WORK INSTRUCTION: A partial copy is required: transcribe exactly the lines from the one containing "Вот кадры оперативного" through the last line below, without any pictures.

SUPPLIED MATERIAL:
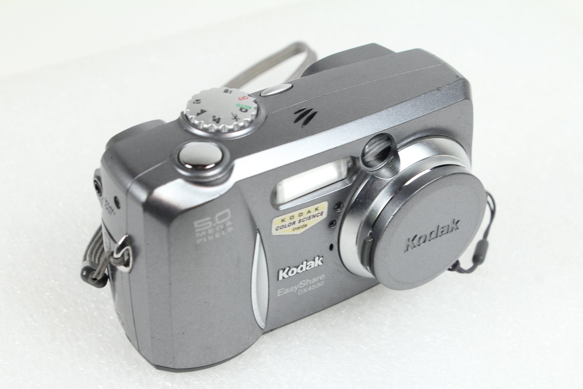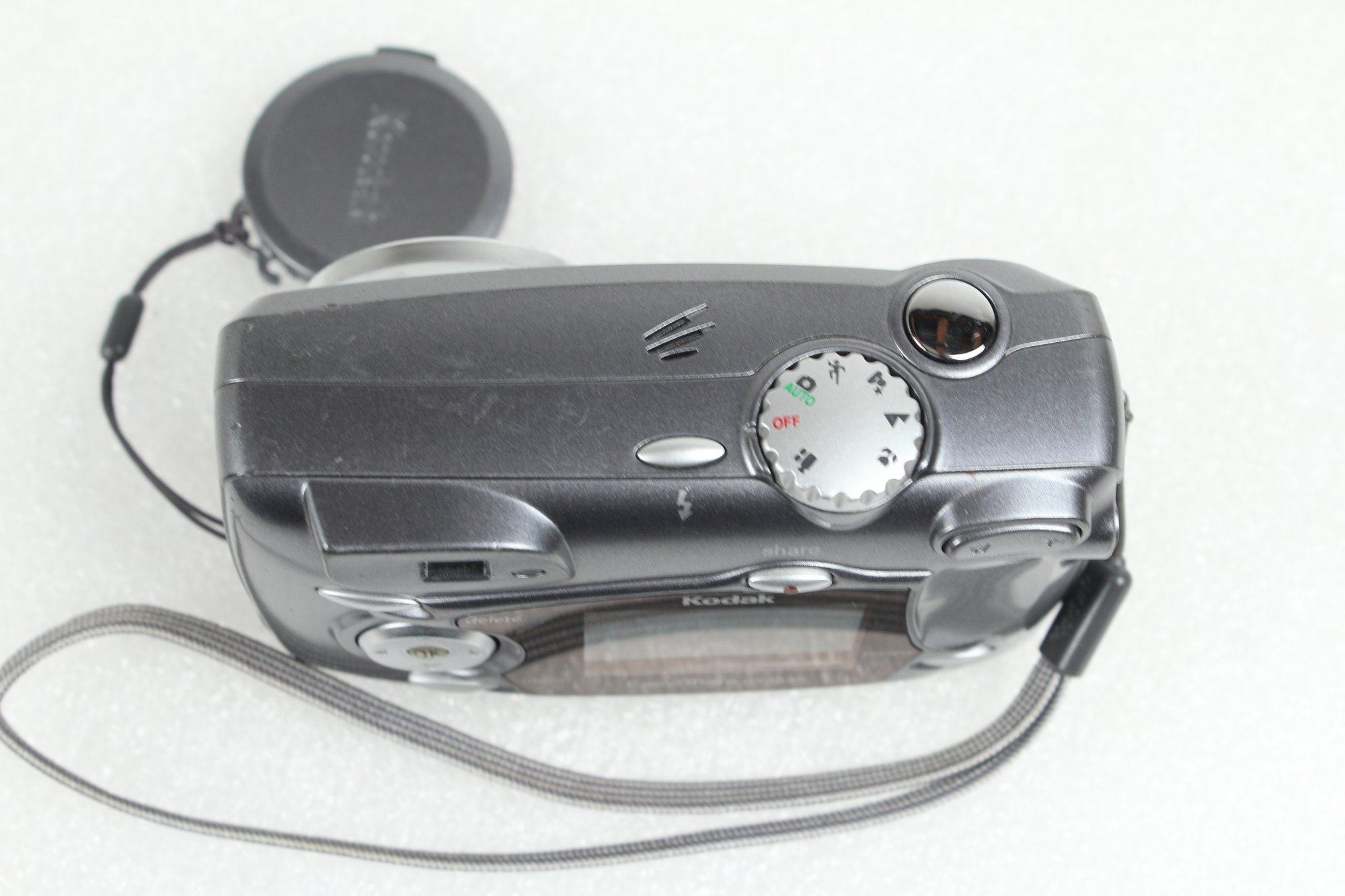 This is an older model digital still camera with short video capability. It takes 2 AA Alkaline batteries - not included. Upon testing, the screen powers on and was able to navigate various menus and buttons. All buttons seem to work. Zoom works. Flash works. Takes pictures and videos. Able to check photos and videos and delete from internal memory. The screen looks good. The body is in good condition with minor wear from use. Camera has a lens cap and wrist strap attached. Does not come with batteries, memory card or any other accessories.
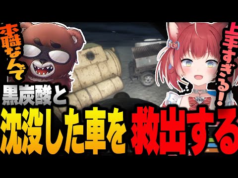 かるび不小心把車子開到水裡,黑炭酸開潛水艇把車子撞出來。
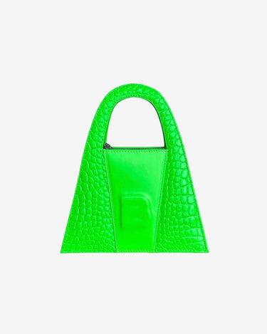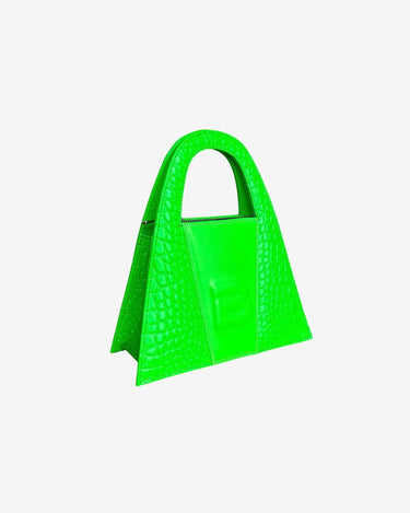 Geanta Mini de Piele "Lock", Verde Neon Croc
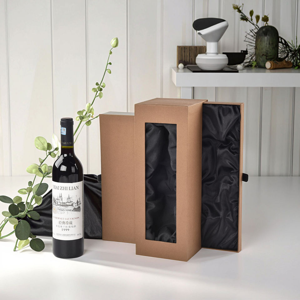 Caja de regalo de vino de Chocolate con cajón de papel Kraft Staine rectangular ecológica personalizada
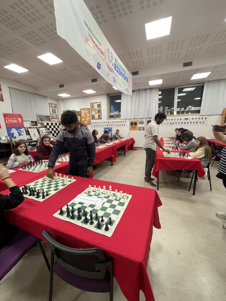 Ce lundi, les trois joueurs sont revenus au club pour disputer plusieurs parties amicales. Ils ont d’abord affronté les joueurs du club en 10 minutes KO, se montrant impitoyables et ne lâchant même pas un demi-point ! Ensuite, une simultanée a débuté à 18h, durant laquelle les trois Maîtres ont joué 18 adversaires en même temps. Là encore, ils n’ont accordé aucune nulle (heureusement que nous avions un joueur fantôme à plus de 2100 Elo, Younès, que nous avons forcé à jouer pour avoir une chance de dépasser le 0, absolu ! Il a réussi : 1 point !).
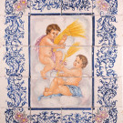 Panel compuesto por 17 azulejos en cerámica esmaltada representando a dos amorcillos con trigo como alegoría al verano. España, S. XIX
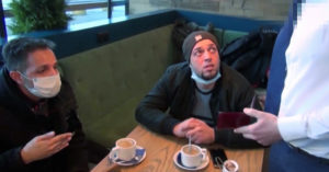 Вот кадры оперативного видео: трое мужчин сидят в кафе, разговаривают, один из них, судя по всему, переводчик.
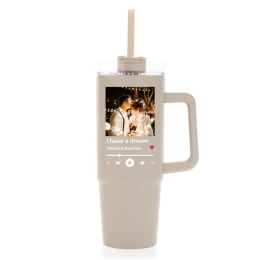 Cestovní termoska s průhledným víčkem s vlastním odkazem na oblíbenou písničku

PROBLEM SOLUTION:
 Вот кадры оперативного видео: трое мужчин сидят в кафе, разговаривают, один из них, судя по всему, переводчик.
 Cestovní termoska s průhledným víčkem s vlastním odkazem na oblíbenou písničku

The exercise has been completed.